John Henry Newman y el sacrificio del celibato
La decisión de trasladar el cuerpo del Siervo de Dios John Henry Newman ha suscitado polémicas. Sobre ellas, interviene el máximo estudioso del pensador inglés, docente de teología en la universidad de Oxford y autor, entre otros, de la más completa y documentada biografía del cardenal, titulada “John Henry Newman. A Biography” (Oxford University Pres, 1990).
por Ian Ker
La decisión de exhumar el cuerpo del venerable John Henry Newman ha provocado reacciones, en particular por parte del lobby homosexual, según las cuales no debería ser separado de su gran amigo y colaborador, padre Ambrose St John, en cuya tumba Newman fue sepultado, según su específica voluntad. La implicación de estas protestas es clara: Newman habría querido ser enterrado junto a su amigo porque, aunque casto y célibe, habría estado ligado a él por algo más que una simple amistad.
En este sentido, si el deseo de ser sepultado en la misma tumba de otro fuera la prueba de un amor sexual por aquella persona, el hermano de Clive Staples Lewis, Warnie, enterrado en la misma tumba según la voluntad de ambos hermanos, habría debido nutrir sentimientos incestuosos para con su hermano. O la devota secretaria de Gilbert Keith Chesterton, Dorothy Collins, tratada por él y su esposa como una hija, pensando que habría sido presuntuoso pedir ser enterrada junto a Chesterton, quiso ser cremada y dispuso que sus cenizas fueran inhumadas en la misma tumba. ¿Esto significa, tal vez, que demostraba algo más que un sentimiento filial por uno, o por ambos, de quienes le habían dado trabajo?

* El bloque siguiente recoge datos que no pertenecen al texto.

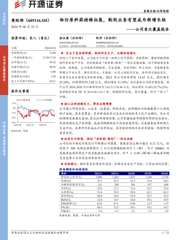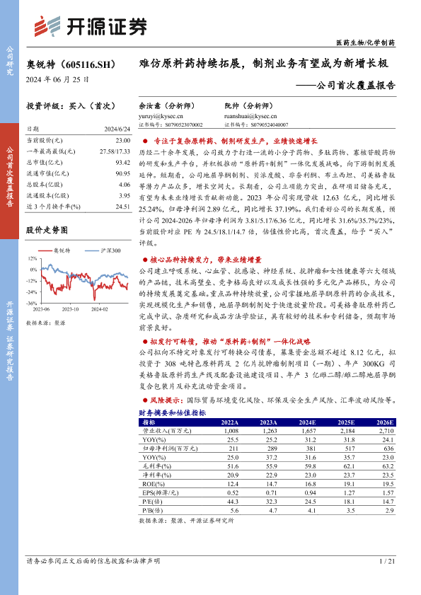 【开源证券】【20240625】奥锐特(605116)公司首次覆盖报告:难仿原料药持续拓展,制剂业务有望成为新增长极-21页
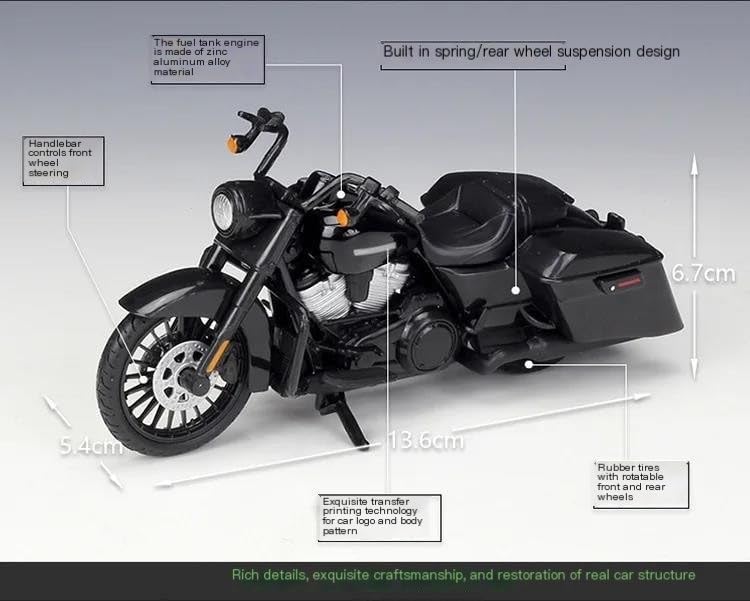 Modello di moto in scala 1:18, parti squisite progettate secondo le proporzioni originali dell'auto, il cruscotto, i pedali del freno e dell'acceleratore sono progettati per essere realistici e precisi. La modalità moto di simulazione è piena di personalità, davvero fantastica. Ideale per la collezione e la decorazione dell'home office. Modello di motocicletta per H&arley Road King Special 2017 Aumenta il realismo e il riconoscimento del modello. Il colore è vivido e rimane tale anche dopo una lunga esposizione.
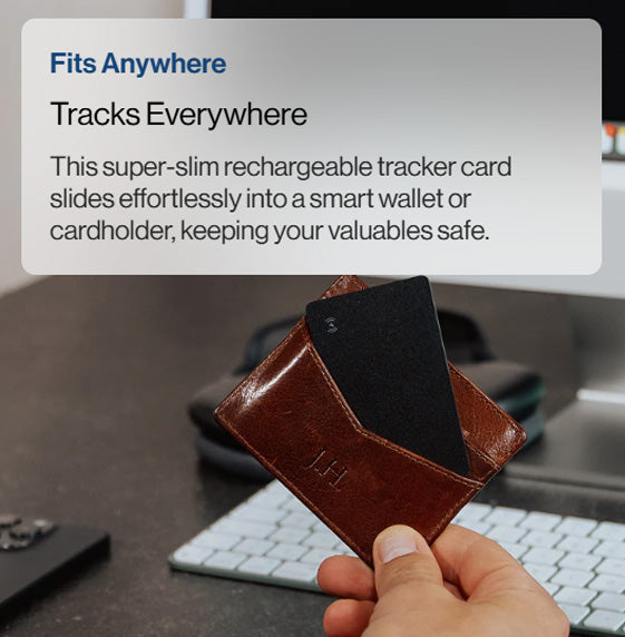 Slip TrackMate Smart Card into your wallet, bag, or passport holder. It’s ultra-thin and fits anywhere.

Ambrose St John era muy amigo de Newman. Por treinta años estuvo a su servicio, deseando incluso, el día de su Confirmación, poder comprometerse con su amigo con un voto de obediencia. Una petición que, obviamente, fue rechazada.
Newman se consideraba responsable por su muerte porque le había pedido traducir la importante obra del teólogo alemán Joseph Fessler sobre la infalibilidad en la estela del Concilio Vaticano I, un último esfuerzo desarrollado con amor que resultó excesivamente pesado para él, ya sobrecargado de trabajo. En los últimos oscuros días como anglicano, Newman dijo que Ambrose St John llegó a ser para él lo que “Rut para Noemí”. Después de haber entrado en la comunidad casi monástica de Newman en Littlemore, cerca de Oxford, St John permaneció como su colaborador más cercano durante el difícil período de la fundación del Oratorio de San Felipe Neri en Inglaterra y en todas las sucesivas pruebas y tribulaciones de Newman como católico.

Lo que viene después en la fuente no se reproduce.